→ Data below
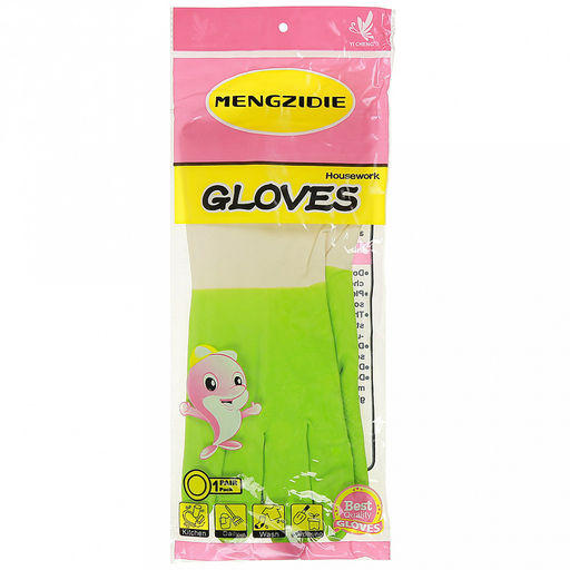Перчатки хозяйственные, латексные, размер M "Дуэт" с х/б напылением, 85гр, цвет бело-зеленый, в пакете (Китай)
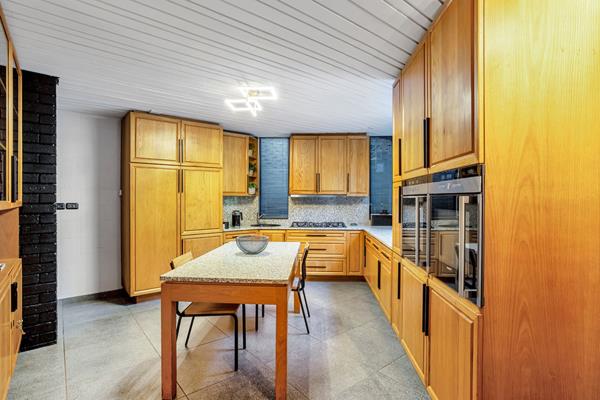 The modern kitchen boasts a gas stove, pantry, scullery, and a convenient serving hatch to the outdoor entertainment area.
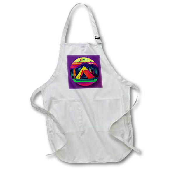 Apron - Round design of a yellow and red tent, purple mountains. Happy camper Alexis Design - Happy Camper
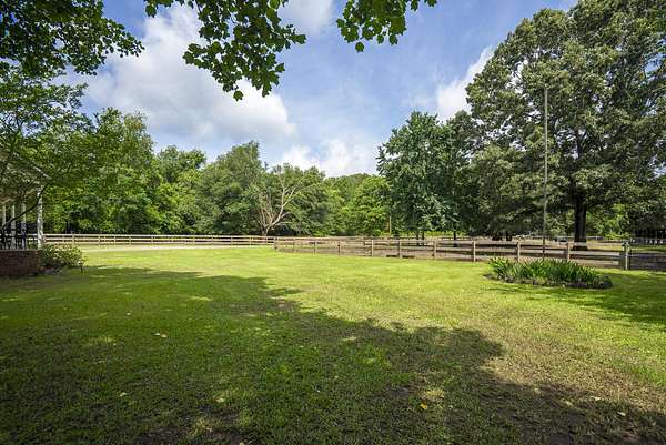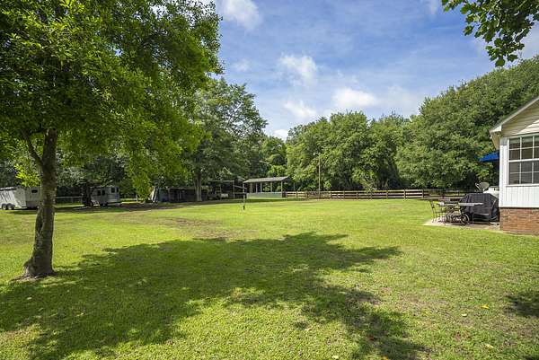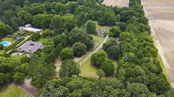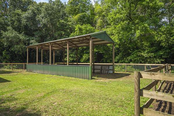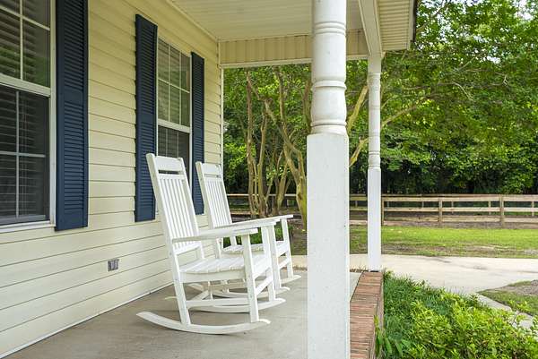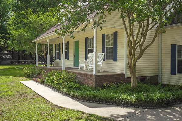 Perfect combination of charm, privacy & location is found at the delightful, horse-ready, 6.37 acre property at 8074 Church Street. Tucked privately on a sandy lane off Old Dibble Road, you will love the easy access to Southside shopping; downtown and equestrian training facilities & venues, including Sporting Days, The Vista, Jumping Branch & Full Gallop Farms, equine clinics, tack stores and a short drive to Stableview. Equestrians will appreciate the 3 fenced paddocks, woodland trails & ample space for a jump field and dressage arena, all set within beautifully landscaped grounds with stunning live oaks that add to the peaceful, low country ambiance. The inviting home welcomes you with its farmhouse style. From the spacious front porch step inside to the delightfully updated, 2072 sq. ft. home with handsome pine floors, newer baths & a wonderful kitchen with butcher block counters, farmhouse sink, stainless appliances, uplit pantry & breakfast area. The generous living room features a ventless gas fireplace and access to an enclosed sunporch overlooking the grassy backyard & riding area. The main floor primary suite features a walk-in closet and generous bath with 2 separate vanities and linen storage. The main floor also features a full bath and laundry room steps to the garage and up to the bonus room, that can flex as a 4th bedroom, office or playroom. A second staircase leads to 2 guest bedrooms, a shared hall bath & access to great walk-in attic storage. The home's layout makes it easy and comfortable to host visiting friends and family with privacy for all! You will love the outdoor space the current owners have created to enjoy living with your dogs, horses & farm animals. The property is fully fenced and enclosed, enabling pets to safely have full run of the farm. The horses have large paddocks for roaming, a grass field for work & a trail system for a quiet ride or sunset walk. You also will find a covered shed for RV/trailer parking, currently used for hay storage, and a second storage shed with covered parking and a screened porch that has served well as an efficient, tack/storage area. The home also has an attached one-car garage with plenty of space for an ATV and boot bench area. This sweet, tranquil farm is surrounded by scenic woodlands - a truly wonderful property and opportunity to enjoy peace, comfort & convenience! Call for your confirmed appointment today!

→ Your objective
Print, exactly and with no pictures, the lines of the listing above starting at the one that has "The modern kitchen" and ending at the one that has "Apron - Round", both included.

→ Expected answer
 The modern kitchen boasts a gas stove, pantry, scullery, and a convenient serving hatch to the outdoor entertainment area.
 Apron - Round design of a yellow and red tent, purple mountains. Happy camper Alexis Design - Happy Camper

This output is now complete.